YOUR ASSIGNMENT | Everything from the line with "Ce simple design" down to the line with "第12分钟,金玟哉回传门将被" below must be printed exactly, those two lines included. Exclude pictures.

TASK DATA |
┌──
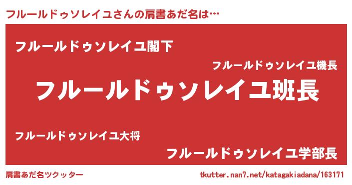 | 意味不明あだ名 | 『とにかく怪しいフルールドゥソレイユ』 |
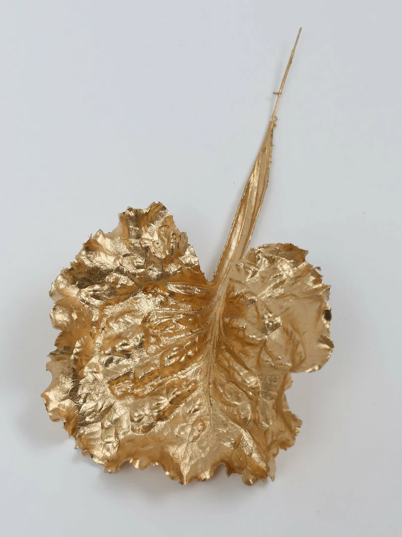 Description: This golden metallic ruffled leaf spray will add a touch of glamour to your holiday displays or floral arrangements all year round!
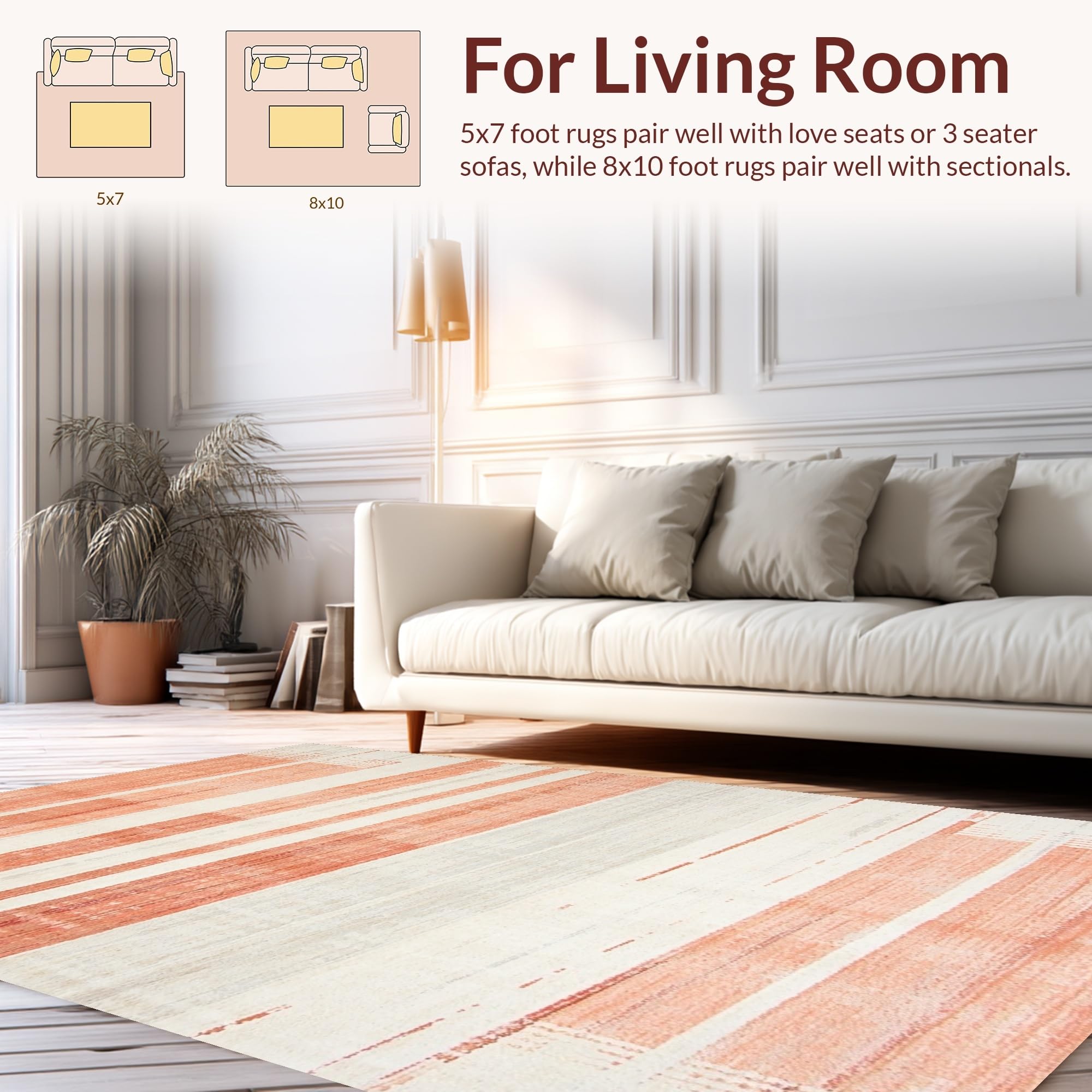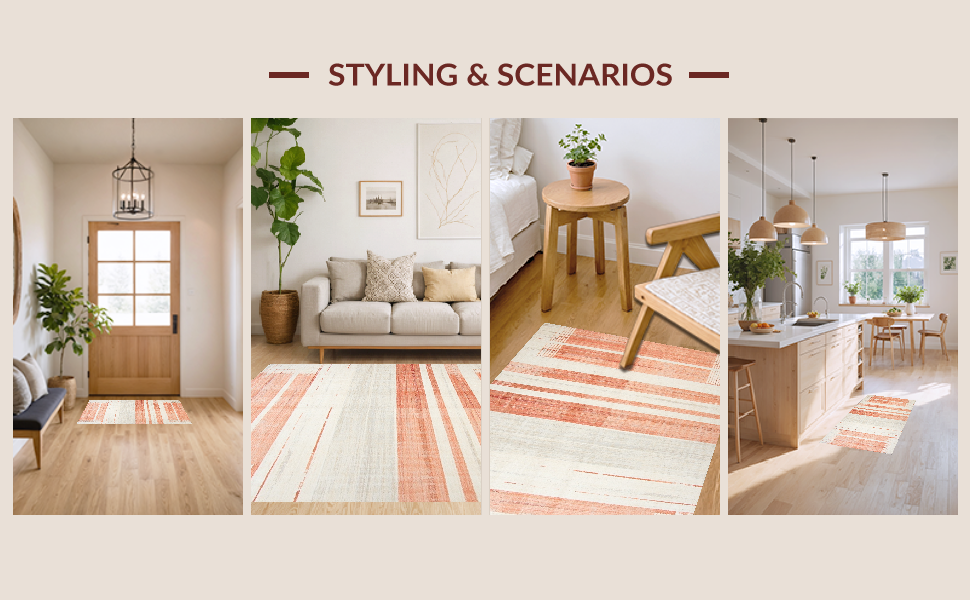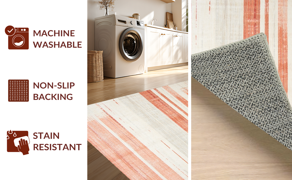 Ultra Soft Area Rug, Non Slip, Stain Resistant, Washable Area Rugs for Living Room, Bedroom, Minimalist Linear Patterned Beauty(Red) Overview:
└──
┌──
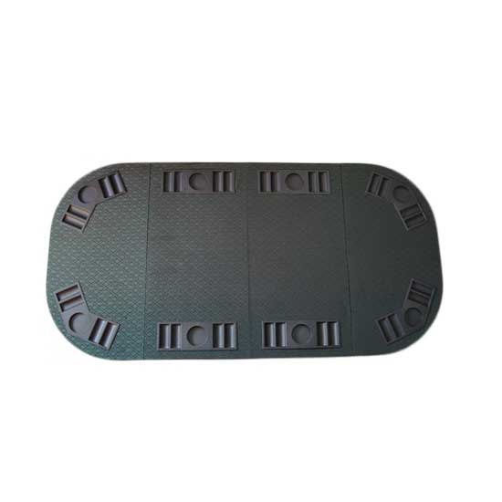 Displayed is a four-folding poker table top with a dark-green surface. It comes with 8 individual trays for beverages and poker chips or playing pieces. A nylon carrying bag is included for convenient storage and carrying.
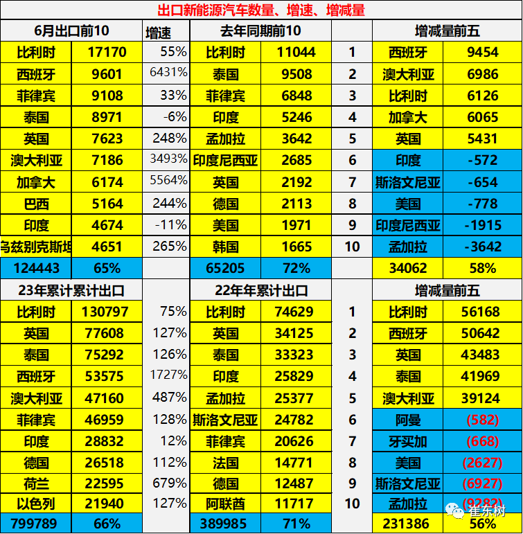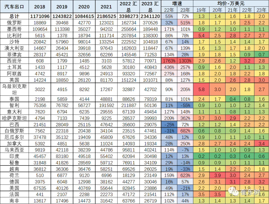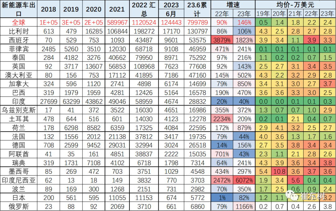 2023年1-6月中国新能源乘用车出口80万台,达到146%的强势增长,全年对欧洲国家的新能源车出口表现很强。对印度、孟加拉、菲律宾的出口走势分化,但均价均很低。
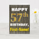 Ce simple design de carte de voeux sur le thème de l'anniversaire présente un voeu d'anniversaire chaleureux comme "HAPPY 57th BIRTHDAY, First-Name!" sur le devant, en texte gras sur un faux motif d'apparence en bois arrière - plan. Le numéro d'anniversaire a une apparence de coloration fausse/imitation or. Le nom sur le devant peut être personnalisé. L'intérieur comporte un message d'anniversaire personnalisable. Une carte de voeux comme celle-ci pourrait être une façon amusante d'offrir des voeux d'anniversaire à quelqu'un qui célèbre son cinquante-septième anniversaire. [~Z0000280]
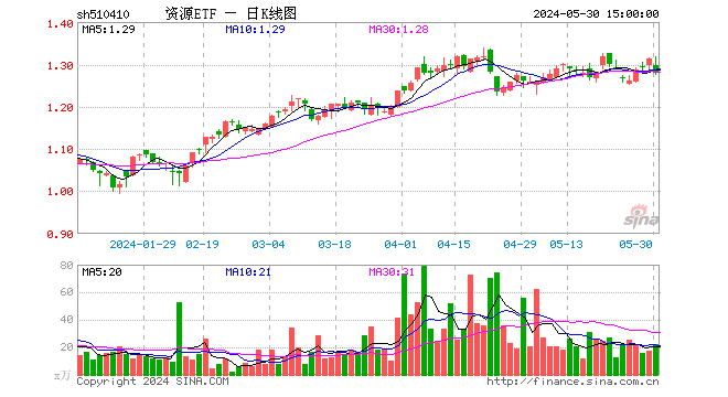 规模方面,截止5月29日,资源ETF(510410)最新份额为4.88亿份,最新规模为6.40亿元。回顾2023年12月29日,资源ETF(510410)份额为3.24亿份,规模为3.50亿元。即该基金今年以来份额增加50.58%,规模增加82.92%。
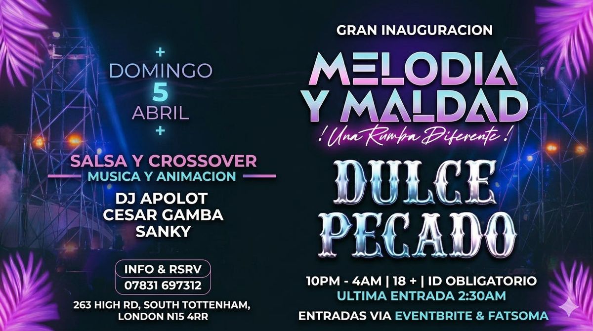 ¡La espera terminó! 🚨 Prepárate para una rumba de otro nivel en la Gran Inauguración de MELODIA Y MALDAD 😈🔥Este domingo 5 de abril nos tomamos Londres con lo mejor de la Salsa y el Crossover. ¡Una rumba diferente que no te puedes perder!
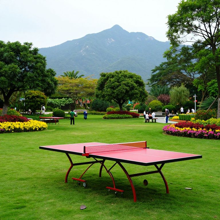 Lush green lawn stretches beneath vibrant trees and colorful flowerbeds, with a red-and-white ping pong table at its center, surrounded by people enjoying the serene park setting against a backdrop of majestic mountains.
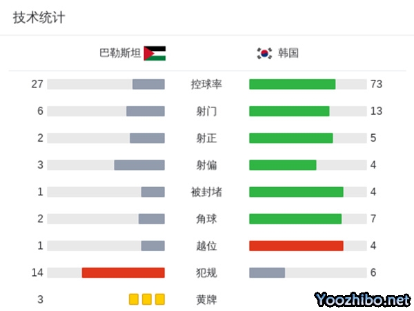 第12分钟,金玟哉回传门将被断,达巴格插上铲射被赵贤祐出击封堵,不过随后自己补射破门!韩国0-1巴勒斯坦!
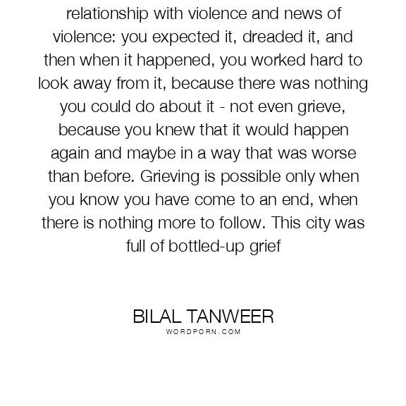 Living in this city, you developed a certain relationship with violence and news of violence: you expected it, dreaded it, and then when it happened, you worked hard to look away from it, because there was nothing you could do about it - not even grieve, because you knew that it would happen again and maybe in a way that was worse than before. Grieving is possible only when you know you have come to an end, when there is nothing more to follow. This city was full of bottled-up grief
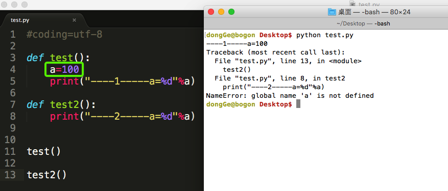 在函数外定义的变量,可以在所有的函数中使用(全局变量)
└──
OUTPUT OF THE EXERCISE |
 Ce simple design de carte de voeux sur le thème de l'anniversaire présente un voeu d'anniversaire chaleureux comme "HAPPY 57th BIRTHDAY, First-Name!" sur le devant, en texte gras sur un faux motif d'apparence en bois arrière - plan. Le numéro d'anniversaire a une apparence de coloration fausse/imitation or. Le nom sur le devant peut être personnalisé. L'intérieur comporte un message d'anniversaire personnalisable. Une carte de voeux comme celle-ci pourrait être une façon amusante d'offrir des voeux d'anniversaire à quelqu'un qui célèbre son cinquante-septième anniversaire. [~Z0000280]
 规模方面,截止5月29日,资源ETF(510410)最新份额为4.88亿份,最新规模为6.40亿元。回顾2023年12月29日,资源ETF(510410)份额为3.24亿份,规模为3.50亿元。即该基金今年以来份额增加50.58%,规模增加82.92%。
 ¡La espera terminó! 🚨 Prepárate para una rumba de otro nivel en la Gran Inauguración de MELODIA Y MALDAD 😈🔥Este domingo 5 de abril nos tomamos Londres con lo mejor de la Salsa y el Crossover. ¡Una rumba diferente que no te puedes perder!
 Lush green lawn stretches beneath vibrant trees and colorful flowerbeds, with a red-and-white ping pong table at its center, surrounded by people enjoying the serene park setting against a backdrop of majestic mountains.
 第12分钟,金玟哉回传门将被断,达巴格插上铲射被赵贤祐出击封堵,不过随后自己补射破门!韩国0-1巴勒斯坦!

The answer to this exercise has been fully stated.